Credit card providers can choose to increase or decrease the credit limit, usually depending on how you manage the card.

Those who successfully use up a large portion of their credit limit and pay off debt on time are more likely to increase their credit limit, while credit card providers are more likely to lower the limits of those who are running low. payments or just aren’t using much of their available limit.

How Does Your Credit Limit Affect Your Credit Score?

Having a large credit limit won’t necessarily have a negative impact on your finances or your credit score – it all depends on how you use it and what it suggests to lenders.

We spoke to James Jones of the credit reference agency Experian, who described some of the major indicative score factors for credit cards.

“The worst-case scenario is being in a situation where you’ve used up your entire credit limit and you’re not able to meet the minimum monthly repayments,” says James. “But if you have a low balance and low credit usage, it would earn credit points. “

Missing a single repayment could result in the deduction of 130 points from your credit score; this increases to a loss of 350 points if the account is in default and transferred to collections – which could put off future lenders.

Your balance, your credit card limit, and the length of time the card is used may also have an effect. James says a balance below £ 50 could add an additional 60 points to your credit score, while a balance above £ 15,000 would reduce it by 50 points.

A credit limit of £ 5,000 or more adds 20 points, but granting a limit of £ 250 or less would reduce your score by 40 points.

You might get an additional 20 points if you’ve had the same credit card for more than five years, but you will receive 40 points if you’ve opened a new credit card account in the past six months.

According to James, one of the best ways to use your credit card to improve your credit score would be to have the same card for five years, which has consistently maintained a low balance and a high credit limit, with a record. perfect payment.

Having it on your file could increase your credit score by up to 200 points, which could lower your description as a borrower from “fair” to “excellent”.

How much of your limit should you spend?

If you want to use your credit card to boost your credit score, it is recommended that you use around 25% of your credit limit each month.

This amount will demonstrate to lenders that you can be trusted to borrow and repay money, without being too dependent on it and without spending beyond your means.

If you are currently using a higher percentage of your credit limit each month and can afford to increase your credit limit, a higher limit could actually benefit your credit score in this case.
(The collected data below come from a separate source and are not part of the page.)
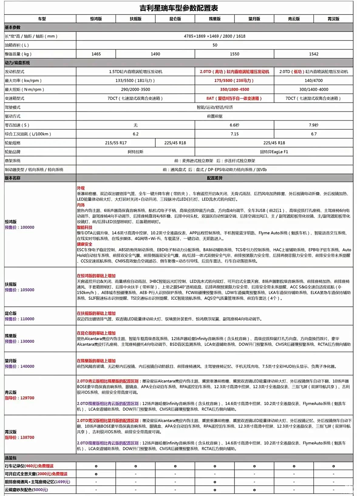 在动力性能方面,惊鸿版、扶摇版和昆仑版都选用了具有1.5T功率的发动机,这台发动机的峰值输出功率高达133kW(181马力),并且配有7速的湿式双离合变速箱作为动力设备;揽星车型以及望月车型将搭载最大功率为2.0T的高性能发动机,其预计的峰值功率将达到175kW,折合为238马力,并将搭配爱信8AT的速变盒;青云版和霄汉版都配有2.0T的低功率发动机,这些发动机的最大功率可以达到140kW(或者190马力),并与7速的湿式双离合器变速器完美搭配。无可争议,有关新型汽车的具体数据还需要由官方进行更加详细的公开和披露。那么,您对25款星瑞东方曜车型的定价有什么见解或者推荐呢?(预计资金范围是9.97万至14.57万元)请在评论区给出您的观点。
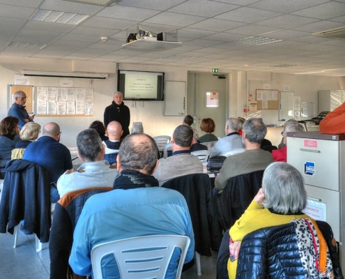 Après l’allocution de soutien de Mmes Magne et Peyric, notre responsable, Bernard Villaret, a fait le point sur les actions en cours et les perspectives d’évolution du club, de la poursuite des interventions du club auprès des écoles ou des entreprises. Vint ensuite les gratifications pour les 40 bénévoles qui assurent le bon fonctionnement du club.
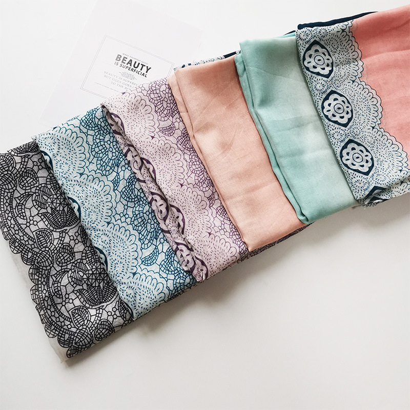 綿麻スカーフ 夏用 薄手 グラデーションカラー レーススカーフ 6色展開 バリヤーシュール特大スカーフ 卸売対応
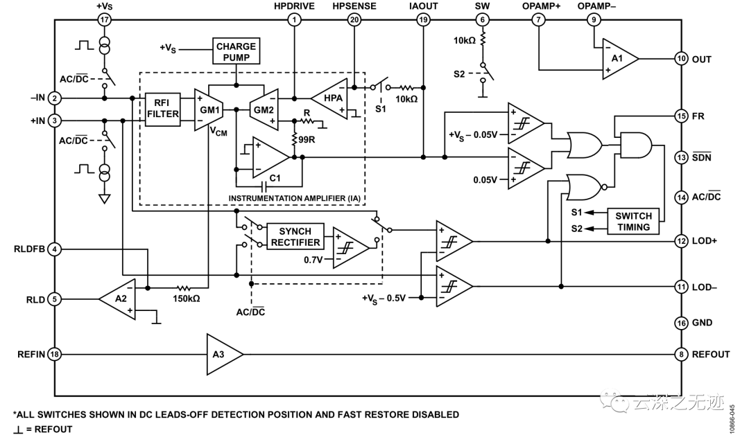 右腿驱动(RLD)放大器使仪表放大器输入端上的共模信号反相。当右腿驱动输出电流注入对象时,它会抵消共模电压变化,从而改善系统的共模抑制性能。
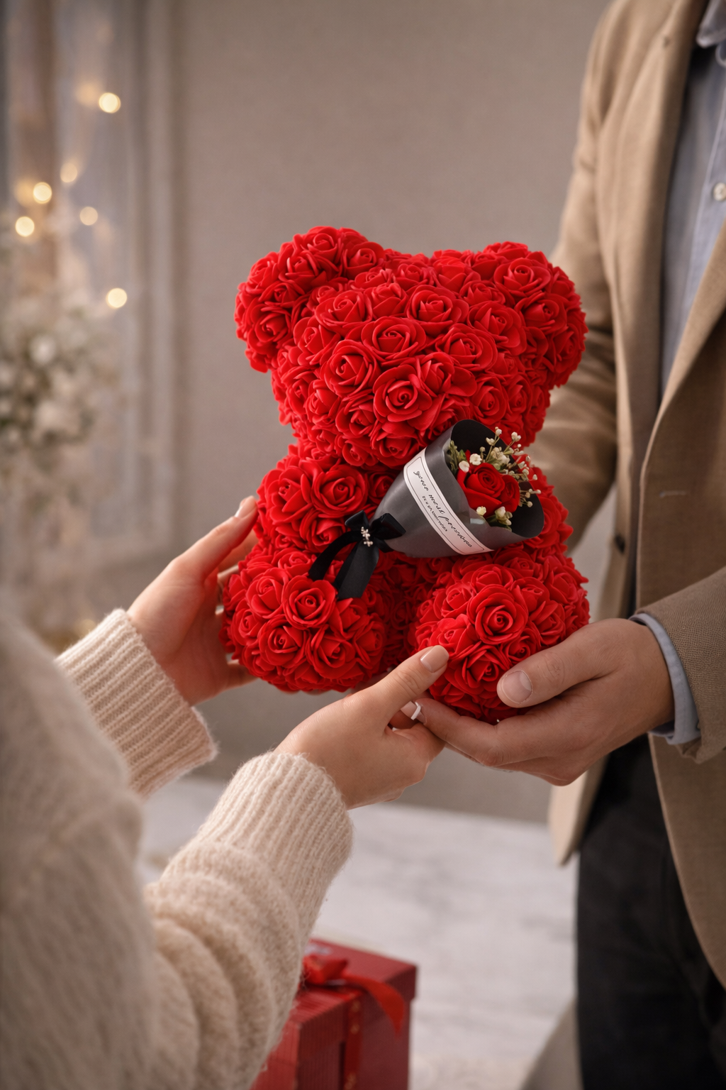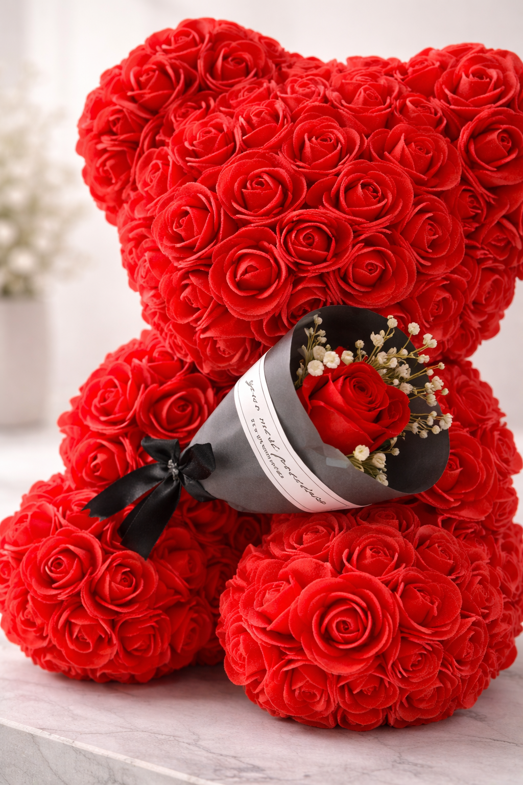 Composé de roses artificielles en mousse, l'Ours Éternel conserve son apparence jour après jour, sans entretien, pour durer bien au-delà du moment où il est offert.
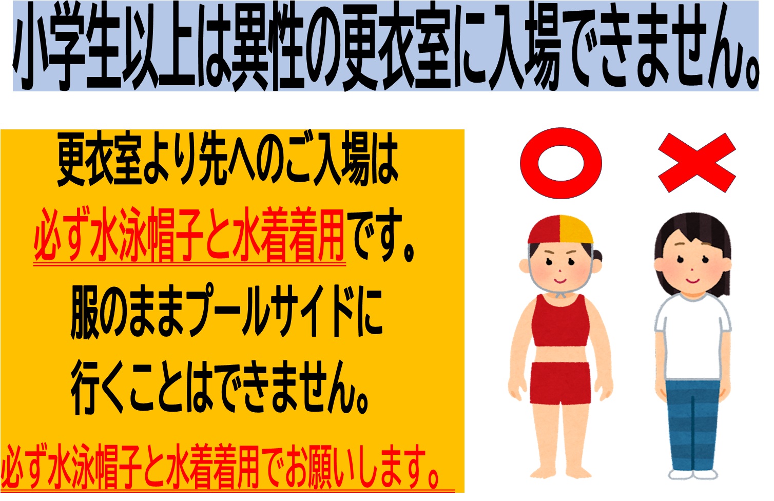 ◆水着、帽子は必ず着用ください。水着以外の服装(Tシャツ等)ではプールに入ることができません。
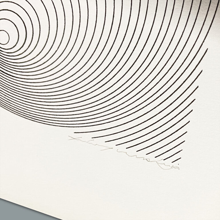 Timm Ulrichs created the “Visual Constructions” during his architectural studies at the Technical University of Hanover (1959-66) – with Pelikan Graphos 0.4 mm and compass on Schoellerhammer 6R. This is one of seven motifs that appeared as silkscreen prints in Edition H in 1967/68. The work group stands at the beginning of Ulrichs’s artistic œuvre, which is anchored in Concrete Art and Poetry. In 2018, the remaining stock of the second edition 1968 from the estate of August Haseke (edition h) went to Artikel Editionen.
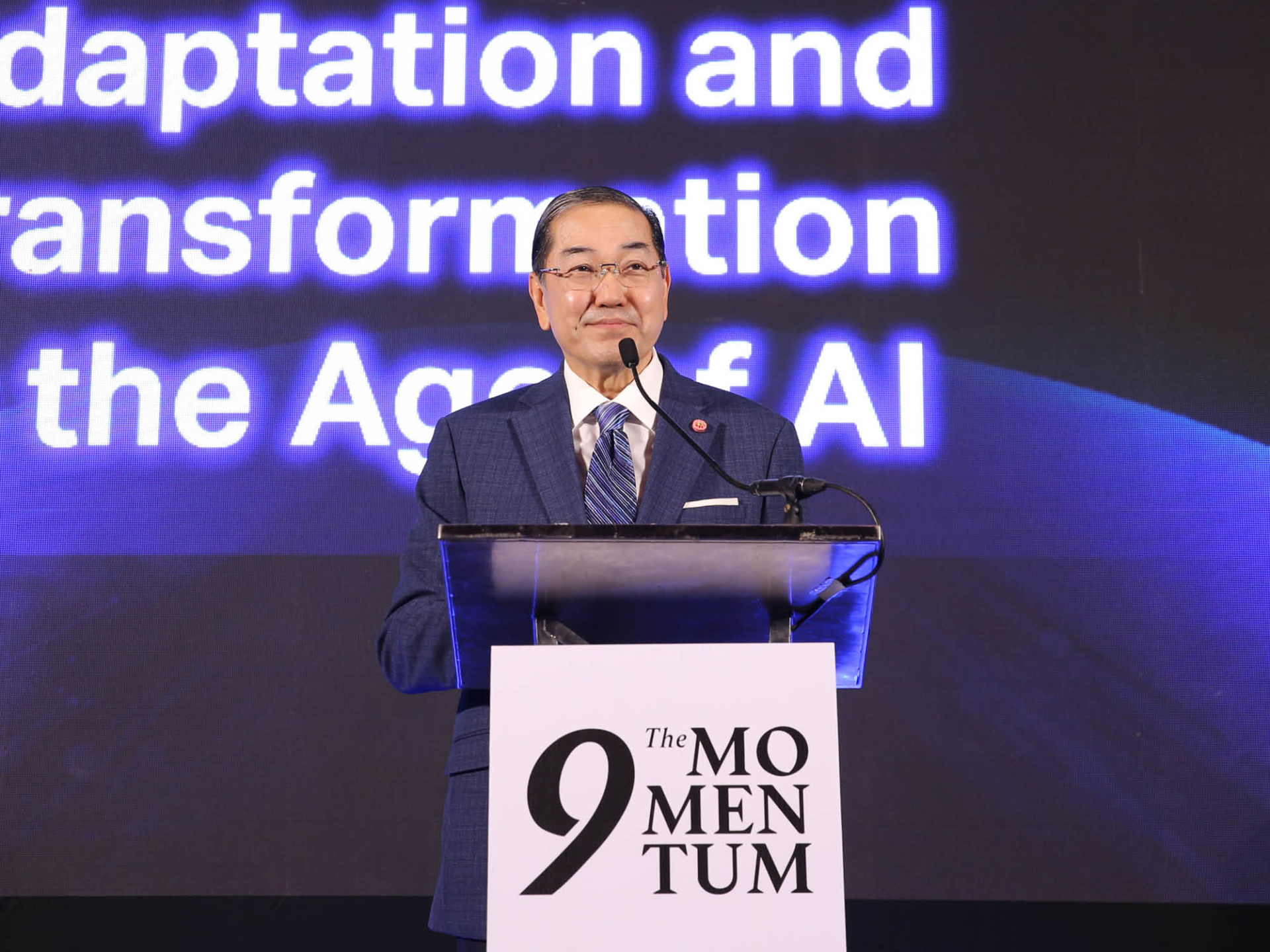 ศาสตราจารย์พิเศษ ดร.สุรเกียรติ์ เสถียรไทย อดีตรองนายกรัฐมนตรี รัฐมนตรีว่าการกระทรวงการต่างประเทศ นายกสภาจุฬาลงกรณ์มหาวิทยาลัย และนายกสภามหาวิทยาลัยเชียงใหม่ กล่าวเปิดงาน Exclusive Dinner Talk Thailand Vision ‘AI : Ultimate Opportunity or Opponent’ วาระครบรอบ 9 ปี The Momentum ในหัวข้อ ‘Adaptation and Transformation in the Age of AI’

James says using less than 30% of your credit limit would add 90 more points to your credit score – a pretty large amount. However, if you use more than 90% of your limit, you might see a 50 point reduction.

What are the rules for automatic credit limit increases?
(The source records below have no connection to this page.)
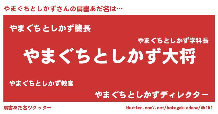 | 男性向けラノベタイトル風あだ名 | 『ヤマグチトシカズスレイヤー』 |
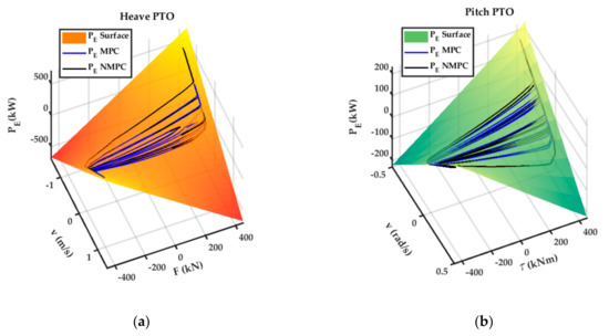 The locus of electrical PTO power on the electrical power cost functional surface for linear MPC and NMPC under nonlinear hydrodynamic conditions in WEC-Sim and : (a) Pod-1 Heave PTO; (b) Pod-1 Pitch PTO.
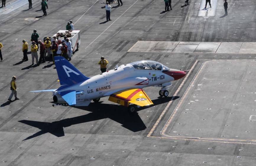 Océano Pacífico, 5 de noviembre de 2010: Un T-45C rueda en la cubierta de vuelo antes de lanzarse del USS “Nimitz” (CVN 68), pintado en conmemoración del Centenario. El portaaviones ha llevado a cabo cualificaciones del Ala de Entrenamiento frente a las c
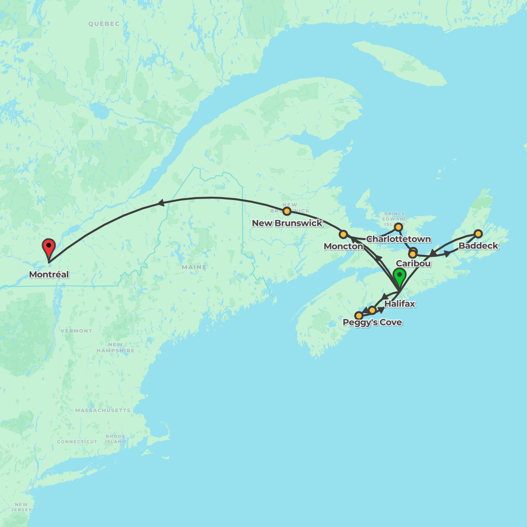 Discover the Maritimes’ coastal wonders and culture before an overnight rail journey delivers you to vibrant Montréal.
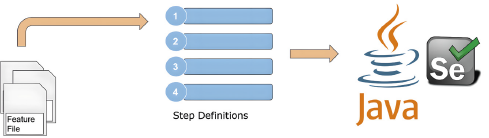 Abb.1: Cucumber-Prozess. FeatureFiles rufen Step-Definitionen auf, die den Testcode beinhalten
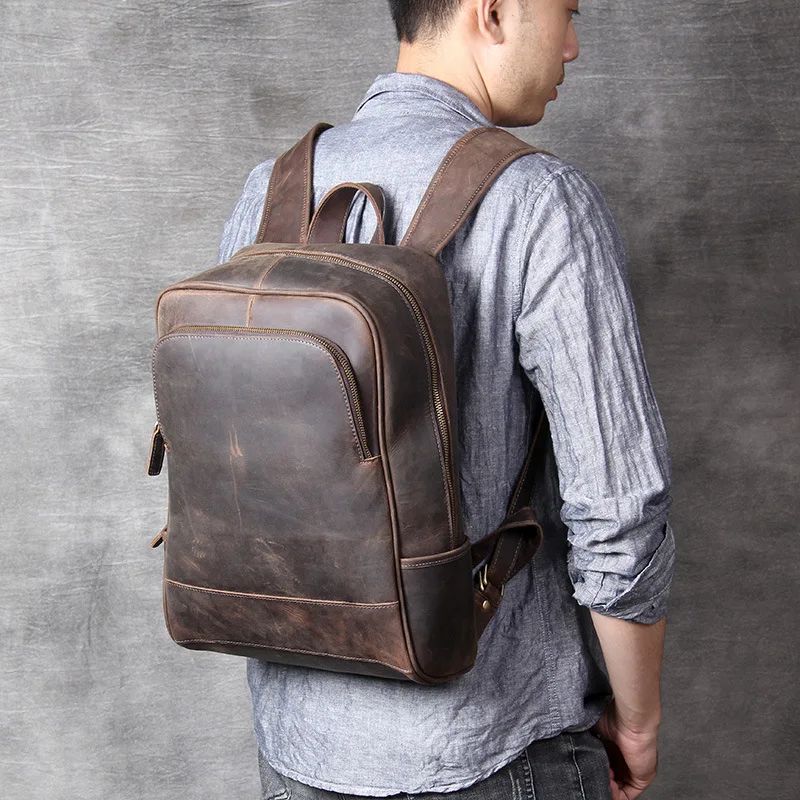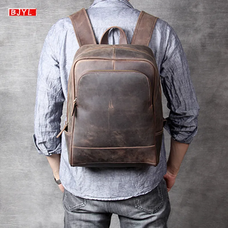 Review Top Retro first layer leather men's backpack shoulder bag male crazy horse leather original handmade co
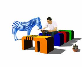 Welsh C herd/cenfaint723+b This piece was designed for Lacoste through the Pentland Design and Furniture Competition. The concept behind the idea of a blue zebra comes from more than one source. The most obvious one is using the zebra because in the wild it is the prey of the alligator (Lacoste¹s distinctive logo). This natural behaviour is what led me to decide the zebra to be in a drinking position. The blue colour comes from the coolness of the water and Lacoste¹s prominent use of colours. Through only colouring one zebra, the uniqueness of Lacoste is represented and shown to stand out of the herd.
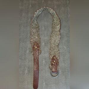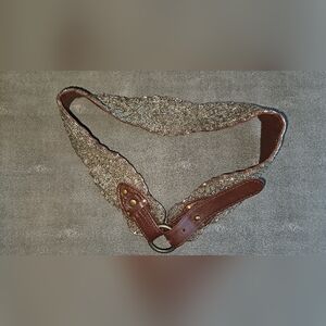 Anthropologie, Jasper & Jeera, Size M, versatile clear beaded and brown leather belt. 31-33" Circumference, 2.5 inches wide. Perfect for concert attire, or cinch in a dress with some boots. Great Condition
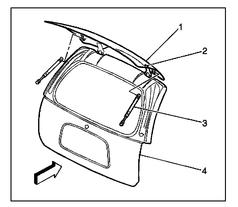 7. With the aid of an assistant remove the struts (3) from the liftgate window.

Some credit card providers will reward “good” borrowers with a higher credit limit, perhaps after a customer has proven to be reliable in repaying and managing the money they borrow.

However, you may not be asked if you want the increase, and not all providers will let you know in advance – sometimes you will just be notified of your new balance once the change is made.

While this change is usually an incentive to stay with a credit card provider, you don’t have to agree to an automatic credit limit increase. You will have 30 days notice from the date the credit limit was changed to reject it by contacting your provider. You can also request a reduction in the credit limit.

Under the rules of the Financial Conduct Authority (FCA), anyone with persistent debt – that is, if you have had to pay more interest and fees than what is on your credit card balance – in the past 12 months you should not be offered increase in credit limit.